For this reason, much planning has been done, tax-money spent and people recruited to go door to door and fill in a census form for every household, urban and rural, throughout the length and breadth of our country. You have probably noticed the yellow census posters in your neighbourhood, introducing you to your particular census official. Perhaps you have already been visited and gone through the rather tedious process of answering questions as your form was filled in.

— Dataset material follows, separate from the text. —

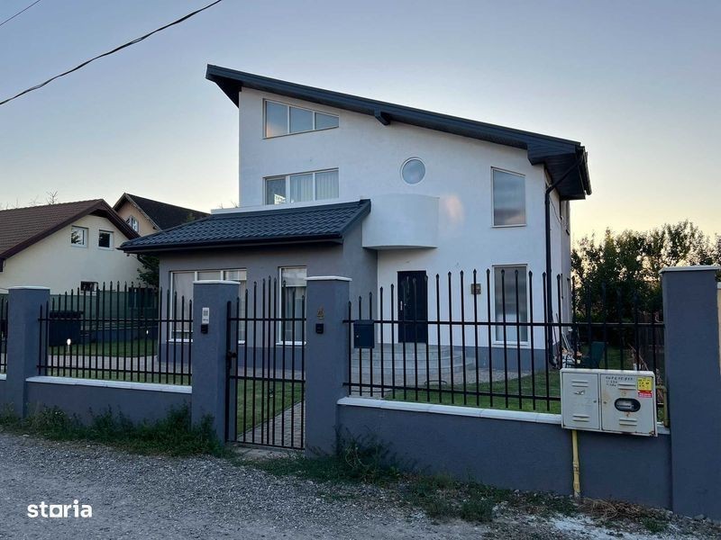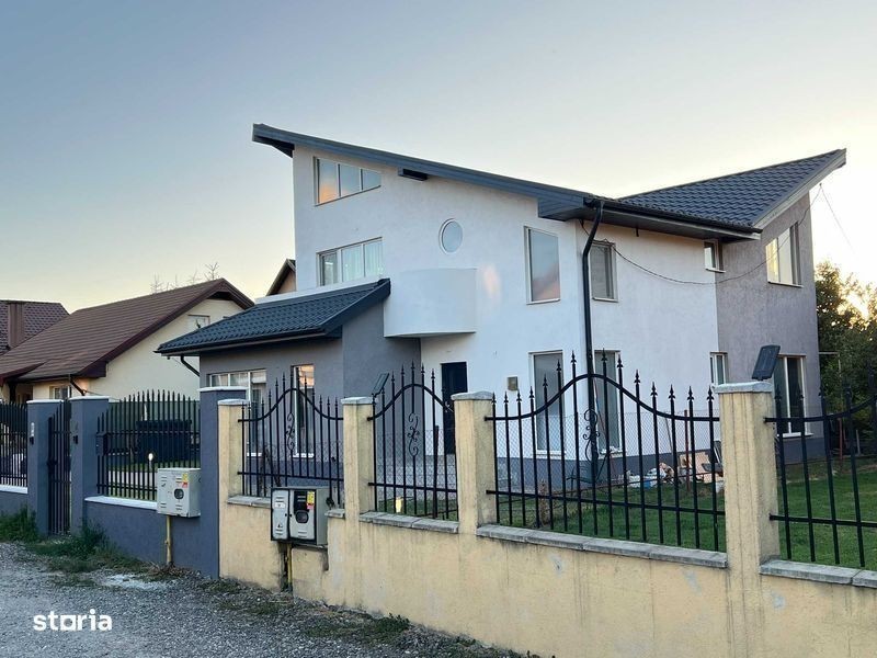 Casa moderna la cheie - 4 camere, birou, complet amenajata - zona str. Nordului, Tg. Mures Locuinta unifamiliala spatioasa si luminoasa, cu suprafata utila de 175 mp (213 mp construiti), situata intr-o zona foarte linistita, pe strada privata, la iesirea din Targu Mures spre Sangeorgiu de Mures, in zona strazii Nordului / 7 Noiembrie. IMPORTANT - AGENTII: Va rugam sunati doar daca aveti client interesat concret. Casa se vinde complet amenajata - interior, exterior, curte - fiind ideala pentru o familie care doreste sa se mute imediat, fara investitii suplimentare. Suprafata terenului: 450 mp + 50 mp cota parte drum privat Toate utilitatile sunt disponibile si bransate: apa, gaz, curent, canalizare Acces facil: 100 m de drum asfaltat Compartimentare: Parter: • Living si dining spatios (42 mp) • Bucatarie separata (14 mp) • Birou (14 mp) - poate fi folosit ca dormitor la parter • Camara + debara • Baie • Terasa (16 mp) Etaj: • 3 dormitoare (18 mp, 15 mp, 14 mp) • 2 dressing-uri (3-4 mp fiecare) • Baie • Balcon Curte complet amenajata: • Pavaj premium Semmelrock (model Appia Antica, 100 lei/mp) • Gazon + copaci ornamentali • Iluminat exterior cu stalpi programabili (control smart) • Gard frontal cu soclu si stalpi din beton + plasa metalica • Poarta auto de 6 metri, automatizare Nice, acces separat pentru 2 masini, interfon si modul smart pentru control de la distanta • Loc de parcare pentru 2 masini • Cabana din lemn pentru depozitare unelte Dotari tehnice si confort: • Panouri fotovoltaice cu baterie de 15 kW • Incalzire cu centrala termica pe gaz • Aer conditionat in living si in unul dintre dormitoare • Ferestre mari, suprafete vitrate generoase, lumina naturala excelenta Locatie excelenta: • Spitalul Judetean - 2 km • Centru Tg. Mures - 3.5 km • Lidl - 800 m • Spitalul Medex - 1.3 km • Acces pietonal pana la zona de agrement Weekend • Transport public la doar 700 m

If not, and you are still anticipating a visit, here are a few things to consider and prepare for:

  1. After taking due care to ensure that the census taker is in fact legitimate (and not a crook in census clothing!), prepare to be friendly and welcoming, rather than suspicious and irritable. You can well imagine that the person being paid to do this job has potentially experienced a fair amount of animosity and hostility prior to getting to your gate. Yes, the enumerator is indeed being paid to do a job, but is there any harm in being friendly, cordial and co-operative? In fact, would it not be noticeable for you to be friendly (without delaying or detaining the official with unnecessary small talk) and considerate—and in so doing to adorn the gospel? Filling the form in over the wall or through your palisade will simply not do. Invite the person, an image-bearer of God, into your home!1
  2. Make the process of data-gathering as pleasant and productive as possible. You can imagine the temptation these workers feel to cheat and supply fictitious data simply to get through their quota. Your smile and friendly response would certainly be an encouragement and affirmation of the value of the exercise.
  3. You have nothing to hide regarding the size of your home or its occupants. If you do, then know that all things are open and transparent to God, so why the deception? Resist the temptation to be cynical, conspiratorial or suspicious that transparency on your part could result in some penalty or disadvantage further down the road—increased rates and taxes or something similar.
  4. Imagine how and where in the process you will let it be known that you are a believer in the Lord Jesus Christ. Be prepared to send the census taker away with both a positive impression of a Christian household, a suitable tract and maybe even a little refreshment, a chocolate, drink or snack.
  5. Pray for God’s common grace to our country and to those in authority over us, as forms are filled in and data is gathered, collated and analysed. This process is due to take the best part of a year once the forms are handed in by the end of the month.

Show 1 footnote

  1. A justifiable exception, of course, is for a single woman to feel vulnerable when confronted by a male census worker. In such a case you will need to seek the company and protection of a neighbour or friend.